Tell me a bit about your business and how the store began? 

Hubbard’s Toy Cupboard began around three years ago in Hinckley. I have lived in Hinckley all of my life and I realised that there was a bit of an area missing. 

Plus, I was previously a teacher, so my toy shop has got an educational twist to it. 

What types of toys do you stock in store?

All of the toys are educational. I stock Orchard Toys, Fiesta Crafts for its threading, Papo Toys for its role play, and I also have Brio for its mathematical benefits. So there is quite a good range in here.

What do you look for when sourcing new toys?

I look for durability, because obviously children aren’t gentle are they? And I also look for the educational side of toys as well.

What is having the biggest impact on your business?

Unfortunately it’s the gas works outside – I have my entire street dug up at the moment. However, there’s not really a big impact on me around here, I have got my regular customers so I’m very lucky I suppose. I thought the new Sainsbury’s would impact the business, because it opened just before Christmas, but luckily so far it hasn’t.

There are also no toy shops in Hinkley, we have Argos, Wilko’s and places like that, but not a specific toy shop.

How do you engage with your local community?

I’m actually on the Carnival Committee so I’m helping to organise the carnival for next year.

I like to think I do quite a lot for local charity events, but I also try and go out and about and talk to different people.

How can people get in touch with you?

We are online, so we have got an online store. We have got an email account and customers can also ring me or come into the store.

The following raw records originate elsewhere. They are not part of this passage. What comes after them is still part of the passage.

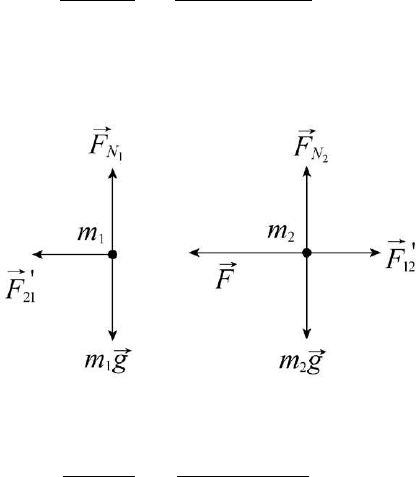 SOLUÇÕES DOS PROBLEMAS 147 Aplicando a Segunda Lei de Newton ao bloco 1, temos F F m a− =21 1 , em que a é a aceleração. Aplicando a Segunda Lei de Newton ao bloco 2, temos F m a12 = 2 . Como os blocos se movem juntos, eles têm a mesma aceleração. (a) A partir da segunda equação, obtemos a relação a F m= 12 / 2, que substituímos na primeira equação para obter F F m F m− =21 121 2/ . Como F F21 12= , temos F F m m m F21 12 kg kg kg N= = + = + ( ) =2 1 2 1 2 2 3 1 2 3 2 1 1 , , , , , NN. (b) Os diagramas de corpo livre dos dois blocos na situação do item (b) são mostrados a se- guir. As forças de contato entre os blocos são: ′ = ′ = + = + ( ) =F F m m m F21 12 kg kg kg N1 1 2 2 3 2 3 1 2 3 2 2 , , , , ,, .1 N (c) Note que a aceleração dos blocos é a mesma nos dois casos. No item (a), a força F12 é a única força horizontal que age sobre o bloco de massa m2; no item (b), ′F21 é a única força horizontal que age sobre o bloco de massa m1 > m2. Como F m a12 = 2 no item (a) e ′ =F m a21 1 no item (b), para que as acelerações sejam iguais, devemos ter ′ >F F21 12, ou seja, as forças entre os blocos devem ser maiores na situação do item (b). Nota: Como mostra este problema, se dois blocos são acelerados por uma força externa, a for- ça entre os blocos é maior se o bloco de menor massa é usado para empurrar o bloco de maior massa. 56. Como as duas situações envolvem a mesma força aplicada e a mesma massa total, a acele- ração deve ser a mesma nos dois casos. (a) Na situação da figura (b), de acordo com a Terceira Lei de Newton, se o bloco A empurra o bloco B com uma força de 10 N, o bloco B também empurra o bloco A com uma força de 10 N. Assim, a força (externa) que produz a aceleração do bloco B na situação da figura (a) (20 N) é duas vezes maior que a força (interna) que produz a mesma aceleração do bloco A na situação da figura (b) (10 N). De acordo com a Segunda Lei de Newton, a massa do bloco B é duas vezes maior que a massa do bloco A. Como a massa total é 12,0 kg, isso significa que a massa do bloco B é mB = 8,00 kg e a massa do bloco A é mA = 4,00 kg. Aplicando a Segunda Lei de Newton ao bloco B na situação da figura (a), a = (20,0 N)/(8,00 kg) = 2,50 m/s2. Naturalmente, aplicando a Segunda Lei de Newton ao bloco A na situação da figura (b), obtemos o mesmo resultado para a aceleração: a = (10,0 N)/(4,00 kg) = 2,50 m/s2. (b) Fa = (12,0 kg)(2,50 m/s2) î = (30,0 N) ̂i . 148 SOLUÇÕES DOS PROBLEMAS 57. Os diagramas de corpo livre dos dois blocos são mostrados na figura a seguir. T é a tensão da corda e θ = 30° é o ângulo do plano inclinado. No caso do bloco 1, tomamos o eixo x paralelo à superfície do plano inclinado, apontando para cima, e o eixo y perpendicular ao plano inclinado, também apontando para cima. No caso do bloco 2, tomamos o eixo y apontando verticalmente para baixo. Desta forma, as acelerações dos dois blocos podem ser representadas pelo mesmo símbolo a, sem contradições. Aplicando a Segunda Lei de Newton aos eixos x e y do bloco 1 e ao eixo y do bloco 2, temos: T mg ma F m g m g T m a N − = − = − = 1 1 1 2 2 0 sen cos u u A primeira e a terceira dessas equações formam um sistema que podemos usar para calcular os valores de a e T. A segunda equação não é necessária para resolver o problema, já que a força normal não é pedida nem faz parte da solução (como aconteceria se houvesse atrito). (a) Somando membro a membro a terceira equação à primeira, temos: m2g – m1g sen θ = m1a + m2a. Explicitando a aceleração a, obtemos: a m m g m m = − + = −( sen ) [ , ( , )sen ,2 1 1 2 2 30 3 70 30 0u kg kg oo 2 2 m/s kg kg m/s ]( , ) , , , 9 80 3 70 2 30 0 735 + = (b) Como o valor de a é positivo, a aceleração do bloco que está pendurado é para baixo. (c) A tensão da corda é T ma mg= + = +1 1 3 70 0 735 3 70sen ( , )( , ) ( , )(u kg m/s kg2 99 80 30 0 20 8, )sen , , .m/s N2 o = 58. Vamos considerar positivo o movimento para cima do sistema homem-cadeira. (a) Quando o homem está puxando a corda com uma força igual à tensão T da corda, a força to- tal para cima a que está sujeito o sistema homem-cadeira é 2T, já que as duas extremidades da corda exercem uma força T sobre o sistema. Assim, de acordo com a Segunda Lei de Newton, temos: 2T mg ma− = e, portanto, para a = 0, T = 466 N. (b) Para a = +1,30 m/s2, a equação do item (a) nos dá T = 527 N. (c) Se o homem não está segurando a corda (e, em vez disso, a corda é puxada por outra pessoa com uma força igual à tensão T), apenas uma extremidade da corda exerce uma força T sobre o sistema e, assim, de acordo com a Segunda Lei de Newton, T mg ma− = e, portanto, para a = 0, T = 931 N.
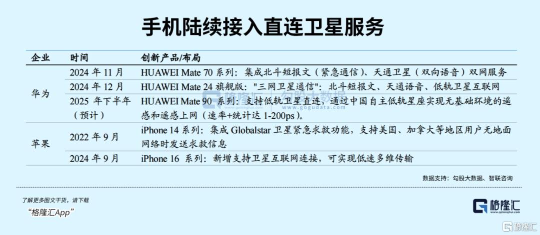 手机直连卫星打开消费级市场,应用服务迎来规模化爆发。终端环节可关注布局卫星通信功能的消费电子厂商,以及提供通信模块的配套企业;应用服务方面,应急通信、海洋通信、“一带一路”海外网络服务是核心方向,随着卫星组网完善,相关企业将迎来持续现金流。
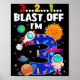 Póster Blast Off I'm 3 Years Old 3rd Birthday Spaceship A

How important is social media to you?

I do most of my advertising on Facebook. I use Facebook for my shop all the time, and every two weeks when I update my window display I put it all on Facebook. I have got nearly 2,000 followers online now.

It doesn’t cost anything, so it’s a good way of keeping in touch. We also link our Facebook to Twitter, so whenever we put something on Facebook it instantly goes on Twitter at the same time.

How do you stand out from other indie stores? What makes you guys different?

Obviously the educational twist is a big way we stand out, and hopefully customer service, because we try to offer fantastic service. For example, I recently had a customer who said she comes in because of the great customer service. 

We also try to do as much as we can for our customers and make them relaxed when they come in. I allow children to touch the toys and I have got a train set that they can play with. It’s about trying to make the parent at ease, because a lot of parents get stressed when the children come in. 

I don’t open all the boxes for the children though, my goodness that would be mayhem. But we do allow them to pick them up and touch.

What services do you offer? 

We offer a free gift-wrap service, and we also do a little personal shopping for customers. For example, we have people who come in and say they need a present for a four year old boy and we give them ideas of what they can buy within their budget.

What does the future hold for Hubbard’s Toy Cupboard? Will you be opening any more stores?

Well I hope to, that’s one thing I’m looking at for this year.

But trying to find somewhere else is the issue. I would love to go to a different city, but there is only me at the minute. I would still want to stay in a little town because I think you can get lost in a big city as an indie.